Start of DATA SHOWN
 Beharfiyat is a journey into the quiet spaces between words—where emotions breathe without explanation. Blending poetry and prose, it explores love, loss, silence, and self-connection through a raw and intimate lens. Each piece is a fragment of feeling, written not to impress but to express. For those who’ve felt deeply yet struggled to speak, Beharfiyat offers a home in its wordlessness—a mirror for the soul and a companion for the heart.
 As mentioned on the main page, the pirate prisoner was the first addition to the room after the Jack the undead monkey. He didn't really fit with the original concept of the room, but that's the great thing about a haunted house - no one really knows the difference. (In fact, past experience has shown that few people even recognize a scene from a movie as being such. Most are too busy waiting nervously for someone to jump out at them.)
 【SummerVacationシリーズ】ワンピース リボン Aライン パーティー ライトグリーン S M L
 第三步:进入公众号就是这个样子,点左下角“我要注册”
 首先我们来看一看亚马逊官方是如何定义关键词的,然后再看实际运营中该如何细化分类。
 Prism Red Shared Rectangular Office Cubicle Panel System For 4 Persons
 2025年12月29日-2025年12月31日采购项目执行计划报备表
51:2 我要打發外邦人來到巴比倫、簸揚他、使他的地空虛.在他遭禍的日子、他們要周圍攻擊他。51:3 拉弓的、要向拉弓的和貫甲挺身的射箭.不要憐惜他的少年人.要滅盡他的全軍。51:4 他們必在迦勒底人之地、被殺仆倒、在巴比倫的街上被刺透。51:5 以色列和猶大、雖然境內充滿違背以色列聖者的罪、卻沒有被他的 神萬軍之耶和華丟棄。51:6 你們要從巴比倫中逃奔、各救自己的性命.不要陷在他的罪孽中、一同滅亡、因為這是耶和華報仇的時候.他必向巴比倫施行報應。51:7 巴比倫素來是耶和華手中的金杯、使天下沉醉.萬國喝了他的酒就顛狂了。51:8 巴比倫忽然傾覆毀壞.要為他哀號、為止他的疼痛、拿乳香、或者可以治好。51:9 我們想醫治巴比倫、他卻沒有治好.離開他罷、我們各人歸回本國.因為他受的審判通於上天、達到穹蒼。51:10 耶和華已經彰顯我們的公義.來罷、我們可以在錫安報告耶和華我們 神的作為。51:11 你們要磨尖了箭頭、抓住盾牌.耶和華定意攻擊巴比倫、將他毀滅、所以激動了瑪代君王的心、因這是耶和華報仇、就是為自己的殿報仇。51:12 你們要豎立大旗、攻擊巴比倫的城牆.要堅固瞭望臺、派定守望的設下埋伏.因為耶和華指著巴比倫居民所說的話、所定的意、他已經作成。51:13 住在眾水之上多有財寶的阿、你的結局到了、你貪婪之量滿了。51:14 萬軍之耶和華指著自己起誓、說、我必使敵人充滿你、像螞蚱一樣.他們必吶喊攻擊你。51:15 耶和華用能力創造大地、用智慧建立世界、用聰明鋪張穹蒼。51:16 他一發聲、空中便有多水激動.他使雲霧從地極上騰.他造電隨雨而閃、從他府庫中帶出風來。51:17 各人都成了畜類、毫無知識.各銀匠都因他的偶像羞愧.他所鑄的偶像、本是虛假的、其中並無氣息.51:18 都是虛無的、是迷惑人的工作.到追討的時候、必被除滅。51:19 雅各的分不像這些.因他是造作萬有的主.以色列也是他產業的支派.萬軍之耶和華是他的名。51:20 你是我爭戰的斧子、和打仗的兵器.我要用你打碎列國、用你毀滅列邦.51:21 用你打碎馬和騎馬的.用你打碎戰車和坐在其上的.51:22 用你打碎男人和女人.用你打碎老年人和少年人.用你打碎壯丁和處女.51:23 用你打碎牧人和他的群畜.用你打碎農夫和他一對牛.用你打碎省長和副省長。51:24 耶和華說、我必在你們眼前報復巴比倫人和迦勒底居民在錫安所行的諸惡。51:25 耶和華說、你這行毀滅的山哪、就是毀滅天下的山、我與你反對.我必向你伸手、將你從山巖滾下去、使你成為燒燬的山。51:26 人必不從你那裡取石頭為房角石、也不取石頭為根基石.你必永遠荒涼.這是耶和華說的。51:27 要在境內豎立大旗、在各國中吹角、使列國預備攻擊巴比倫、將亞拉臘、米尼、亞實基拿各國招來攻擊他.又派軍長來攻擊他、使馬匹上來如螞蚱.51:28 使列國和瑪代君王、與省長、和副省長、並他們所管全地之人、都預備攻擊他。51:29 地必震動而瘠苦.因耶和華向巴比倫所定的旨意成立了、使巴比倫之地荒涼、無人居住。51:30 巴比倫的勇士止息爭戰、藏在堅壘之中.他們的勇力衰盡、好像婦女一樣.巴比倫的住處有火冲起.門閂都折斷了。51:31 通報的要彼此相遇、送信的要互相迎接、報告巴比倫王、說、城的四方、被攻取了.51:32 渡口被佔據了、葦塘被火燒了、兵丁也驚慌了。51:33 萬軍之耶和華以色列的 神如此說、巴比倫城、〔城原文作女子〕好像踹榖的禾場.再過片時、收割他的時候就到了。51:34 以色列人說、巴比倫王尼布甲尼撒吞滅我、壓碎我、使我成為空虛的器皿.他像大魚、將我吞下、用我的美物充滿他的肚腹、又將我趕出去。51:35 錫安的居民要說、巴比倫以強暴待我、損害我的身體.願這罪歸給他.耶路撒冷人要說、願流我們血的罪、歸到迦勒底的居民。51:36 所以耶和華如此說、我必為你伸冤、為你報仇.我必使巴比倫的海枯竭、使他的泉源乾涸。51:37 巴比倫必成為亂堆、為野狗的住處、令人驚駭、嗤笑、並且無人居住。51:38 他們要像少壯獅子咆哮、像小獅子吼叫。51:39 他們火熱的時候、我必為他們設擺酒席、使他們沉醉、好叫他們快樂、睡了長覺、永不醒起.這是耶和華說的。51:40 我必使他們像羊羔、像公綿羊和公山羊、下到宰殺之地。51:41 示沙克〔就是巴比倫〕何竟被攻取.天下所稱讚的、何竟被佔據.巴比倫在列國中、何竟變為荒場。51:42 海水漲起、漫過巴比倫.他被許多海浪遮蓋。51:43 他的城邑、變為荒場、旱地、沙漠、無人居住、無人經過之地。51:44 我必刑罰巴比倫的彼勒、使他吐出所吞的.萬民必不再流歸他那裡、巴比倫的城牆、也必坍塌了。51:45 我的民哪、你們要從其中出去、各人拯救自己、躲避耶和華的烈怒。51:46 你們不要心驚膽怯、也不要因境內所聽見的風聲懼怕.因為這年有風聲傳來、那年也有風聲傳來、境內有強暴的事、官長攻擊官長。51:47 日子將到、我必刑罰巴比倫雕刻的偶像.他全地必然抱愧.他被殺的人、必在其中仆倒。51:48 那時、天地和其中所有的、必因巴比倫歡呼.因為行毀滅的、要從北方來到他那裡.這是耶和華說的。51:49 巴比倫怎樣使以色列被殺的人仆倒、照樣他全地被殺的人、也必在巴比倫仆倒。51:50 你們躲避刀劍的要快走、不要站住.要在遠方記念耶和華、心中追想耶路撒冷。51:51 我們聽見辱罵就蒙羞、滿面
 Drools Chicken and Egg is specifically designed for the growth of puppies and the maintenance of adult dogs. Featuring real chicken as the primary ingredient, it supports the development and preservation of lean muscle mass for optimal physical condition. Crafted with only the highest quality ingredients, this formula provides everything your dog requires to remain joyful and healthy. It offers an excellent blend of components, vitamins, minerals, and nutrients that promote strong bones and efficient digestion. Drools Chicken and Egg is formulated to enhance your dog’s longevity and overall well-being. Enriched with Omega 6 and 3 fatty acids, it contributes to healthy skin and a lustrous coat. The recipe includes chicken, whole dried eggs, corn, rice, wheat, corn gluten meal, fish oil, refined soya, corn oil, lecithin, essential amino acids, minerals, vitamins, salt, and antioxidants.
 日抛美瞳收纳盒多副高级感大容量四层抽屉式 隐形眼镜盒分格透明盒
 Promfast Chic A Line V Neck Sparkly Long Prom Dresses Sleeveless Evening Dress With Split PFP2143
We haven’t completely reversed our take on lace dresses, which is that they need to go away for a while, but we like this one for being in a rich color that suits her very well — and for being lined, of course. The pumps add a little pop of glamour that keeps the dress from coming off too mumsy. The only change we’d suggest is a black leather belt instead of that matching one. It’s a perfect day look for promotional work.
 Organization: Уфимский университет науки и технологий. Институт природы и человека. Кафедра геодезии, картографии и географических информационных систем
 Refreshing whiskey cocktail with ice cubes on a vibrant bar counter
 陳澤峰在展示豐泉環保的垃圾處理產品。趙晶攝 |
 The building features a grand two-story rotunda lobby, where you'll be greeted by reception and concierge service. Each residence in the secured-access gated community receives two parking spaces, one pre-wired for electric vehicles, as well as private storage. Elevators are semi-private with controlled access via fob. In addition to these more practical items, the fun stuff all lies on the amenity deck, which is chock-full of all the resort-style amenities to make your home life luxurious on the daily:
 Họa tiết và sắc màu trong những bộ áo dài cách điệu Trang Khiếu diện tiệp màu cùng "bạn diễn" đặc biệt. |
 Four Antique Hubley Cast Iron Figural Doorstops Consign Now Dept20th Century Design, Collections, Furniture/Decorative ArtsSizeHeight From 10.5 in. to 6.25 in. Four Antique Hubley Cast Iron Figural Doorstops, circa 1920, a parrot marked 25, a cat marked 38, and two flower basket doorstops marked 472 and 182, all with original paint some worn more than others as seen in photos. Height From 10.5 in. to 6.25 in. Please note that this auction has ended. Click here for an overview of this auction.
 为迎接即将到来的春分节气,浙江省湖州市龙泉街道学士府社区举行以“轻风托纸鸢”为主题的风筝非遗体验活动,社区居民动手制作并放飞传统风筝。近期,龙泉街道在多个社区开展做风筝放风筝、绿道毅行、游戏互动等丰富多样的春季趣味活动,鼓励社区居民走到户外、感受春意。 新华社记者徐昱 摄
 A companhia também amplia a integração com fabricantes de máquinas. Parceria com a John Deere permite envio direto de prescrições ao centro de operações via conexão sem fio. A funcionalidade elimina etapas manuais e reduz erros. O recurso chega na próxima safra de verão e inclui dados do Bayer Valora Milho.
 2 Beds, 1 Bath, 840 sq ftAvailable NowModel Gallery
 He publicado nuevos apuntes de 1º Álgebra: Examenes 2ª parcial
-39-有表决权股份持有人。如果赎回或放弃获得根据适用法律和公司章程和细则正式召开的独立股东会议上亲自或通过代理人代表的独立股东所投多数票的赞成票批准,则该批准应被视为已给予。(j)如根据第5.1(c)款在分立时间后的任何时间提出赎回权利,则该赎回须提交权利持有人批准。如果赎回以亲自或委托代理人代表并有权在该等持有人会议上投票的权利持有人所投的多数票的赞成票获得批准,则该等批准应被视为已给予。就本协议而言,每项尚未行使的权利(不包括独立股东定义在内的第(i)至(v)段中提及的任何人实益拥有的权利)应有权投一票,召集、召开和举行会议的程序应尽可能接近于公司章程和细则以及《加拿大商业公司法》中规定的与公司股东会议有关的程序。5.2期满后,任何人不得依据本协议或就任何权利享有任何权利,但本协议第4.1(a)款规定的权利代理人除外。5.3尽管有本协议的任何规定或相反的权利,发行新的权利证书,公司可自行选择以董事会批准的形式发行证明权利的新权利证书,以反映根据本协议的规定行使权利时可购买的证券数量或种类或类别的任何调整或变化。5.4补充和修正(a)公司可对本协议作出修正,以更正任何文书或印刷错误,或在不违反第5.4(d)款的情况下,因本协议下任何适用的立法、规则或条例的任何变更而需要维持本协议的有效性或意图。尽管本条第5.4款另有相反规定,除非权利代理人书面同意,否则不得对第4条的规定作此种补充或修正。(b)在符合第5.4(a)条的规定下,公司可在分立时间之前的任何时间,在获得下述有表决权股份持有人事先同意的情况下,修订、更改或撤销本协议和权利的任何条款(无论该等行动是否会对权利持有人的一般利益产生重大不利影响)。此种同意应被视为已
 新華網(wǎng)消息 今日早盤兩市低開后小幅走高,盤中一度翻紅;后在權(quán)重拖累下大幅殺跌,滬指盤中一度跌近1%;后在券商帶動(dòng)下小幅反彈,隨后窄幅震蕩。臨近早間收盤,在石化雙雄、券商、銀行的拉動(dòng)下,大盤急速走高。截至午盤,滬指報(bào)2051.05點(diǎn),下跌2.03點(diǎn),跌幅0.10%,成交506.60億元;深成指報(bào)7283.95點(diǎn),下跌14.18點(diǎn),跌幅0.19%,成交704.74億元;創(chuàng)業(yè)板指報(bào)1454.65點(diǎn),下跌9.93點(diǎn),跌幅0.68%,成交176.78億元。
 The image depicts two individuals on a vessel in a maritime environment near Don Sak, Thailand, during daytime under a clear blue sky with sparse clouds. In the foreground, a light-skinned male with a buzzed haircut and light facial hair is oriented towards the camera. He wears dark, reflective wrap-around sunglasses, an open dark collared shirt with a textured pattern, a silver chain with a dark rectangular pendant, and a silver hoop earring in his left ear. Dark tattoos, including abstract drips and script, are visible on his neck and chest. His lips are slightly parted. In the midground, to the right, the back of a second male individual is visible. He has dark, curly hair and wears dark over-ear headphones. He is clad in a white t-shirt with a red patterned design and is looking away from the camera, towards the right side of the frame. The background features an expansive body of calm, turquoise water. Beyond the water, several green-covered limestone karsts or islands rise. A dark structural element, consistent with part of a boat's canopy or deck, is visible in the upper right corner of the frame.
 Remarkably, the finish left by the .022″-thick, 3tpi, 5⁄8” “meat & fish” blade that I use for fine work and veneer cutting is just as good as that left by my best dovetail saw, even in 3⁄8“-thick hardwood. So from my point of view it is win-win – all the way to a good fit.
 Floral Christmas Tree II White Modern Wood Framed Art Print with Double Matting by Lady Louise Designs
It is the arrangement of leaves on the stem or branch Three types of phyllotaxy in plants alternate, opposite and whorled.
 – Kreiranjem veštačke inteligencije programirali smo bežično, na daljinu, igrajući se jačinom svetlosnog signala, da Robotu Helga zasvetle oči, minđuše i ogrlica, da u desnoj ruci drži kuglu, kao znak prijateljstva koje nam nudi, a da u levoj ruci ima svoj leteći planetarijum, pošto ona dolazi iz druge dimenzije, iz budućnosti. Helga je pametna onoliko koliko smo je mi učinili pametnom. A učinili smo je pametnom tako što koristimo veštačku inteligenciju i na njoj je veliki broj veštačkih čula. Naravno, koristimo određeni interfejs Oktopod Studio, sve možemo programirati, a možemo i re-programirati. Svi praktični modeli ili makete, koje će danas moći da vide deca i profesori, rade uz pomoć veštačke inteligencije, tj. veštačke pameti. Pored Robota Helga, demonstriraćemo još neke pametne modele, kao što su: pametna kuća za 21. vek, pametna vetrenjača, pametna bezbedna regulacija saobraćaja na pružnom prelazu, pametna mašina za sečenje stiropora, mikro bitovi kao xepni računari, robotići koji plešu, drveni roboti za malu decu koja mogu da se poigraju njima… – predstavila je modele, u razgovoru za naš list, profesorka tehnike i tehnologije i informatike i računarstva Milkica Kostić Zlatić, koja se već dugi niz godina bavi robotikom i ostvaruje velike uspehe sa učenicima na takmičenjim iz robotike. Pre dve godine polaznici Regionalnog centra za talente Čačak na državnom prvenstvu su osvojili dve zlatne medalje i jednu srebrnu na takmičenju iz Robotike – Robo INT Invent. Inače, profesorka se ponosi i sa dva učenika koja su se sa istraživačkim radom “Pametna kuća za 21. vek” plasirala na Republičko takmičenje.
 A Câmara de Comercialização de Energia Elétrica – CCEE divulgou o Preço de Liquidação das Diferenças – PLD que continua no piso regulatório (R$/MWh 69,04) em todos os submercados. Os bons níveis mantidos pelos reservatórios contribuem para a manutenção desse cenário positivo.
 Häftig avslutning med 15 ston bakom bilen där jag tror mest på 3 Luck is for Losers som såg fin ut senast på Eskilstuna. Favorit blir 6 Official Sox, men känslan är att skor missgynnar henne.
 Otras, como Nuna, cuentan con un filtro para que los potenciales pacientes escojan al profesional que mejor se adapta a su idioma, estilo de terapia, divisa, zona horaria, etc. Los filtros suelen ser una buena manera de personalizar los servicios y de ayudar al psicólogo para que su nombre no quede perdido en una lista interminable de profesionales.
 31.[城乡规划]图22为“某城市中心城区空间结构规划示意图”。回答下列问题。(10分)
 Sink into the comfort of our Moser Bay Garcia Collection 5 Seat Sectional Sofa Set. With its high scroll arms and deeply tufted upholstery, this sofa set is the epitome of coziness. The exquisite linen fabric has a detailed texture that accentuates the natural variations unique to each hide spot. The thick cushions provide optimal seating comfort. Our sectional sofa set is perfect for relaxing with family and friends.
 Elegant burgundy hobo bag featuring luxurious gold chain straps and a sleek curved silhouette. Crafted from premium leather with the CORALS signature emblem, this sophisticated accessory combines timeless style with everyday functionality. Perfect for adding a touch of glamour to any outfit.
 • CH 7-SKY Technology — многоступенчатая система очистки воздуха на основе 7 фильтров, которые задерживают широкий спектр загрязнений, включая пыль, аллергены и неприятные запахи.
End of DATA SHOWN
Copy only the entries from the first line to the line with "2025年12月29日-2025年12月31日采购项目执行计划报备表", each exactly as it appears.

COMPLETED EXERCISE:
 Beharfiyat is a journey into the quiet spaces between words—where emotions breathe without explanation. Blending poetry and prose, it explores love, loss, silence, and self-connection through a raw and intimate lens. Each piece is a fragment of feeling, written not to impress but to express. For those who’ve felt deeply yet struggled to speak, Beharfiyat offers a home in its wordlessness—a mirror for the soul and a companion for the heart.
 As mentioned on the main page, the pirate prisoner was the first addition to the room after the Jack the undead monkey. He didn't really fit with the original concept of the room, but that's the great thing about a haunted house - no one really knows the difference. (In fact, past experience has shown that few people even recognize a scene from a movie as being such. Most are too busy waiting nervously for someone to jump out at them.)
 【SummerVacationシリーズ】ワンピース リボン Aライン パーティー ライトグリーン S M L
 第三步:进入公众号就是这个样子,点左下角“我要注册”
 首先我们来看一看亚马逊官方是如何定义关键词的,然后再看实际运营中该如何细化分类。
 Prism Red Shared Rectangular Office Cubicle Panel System For 4 Persons
 2025年12月29日-2025年12月31日采购项目执行计划报备表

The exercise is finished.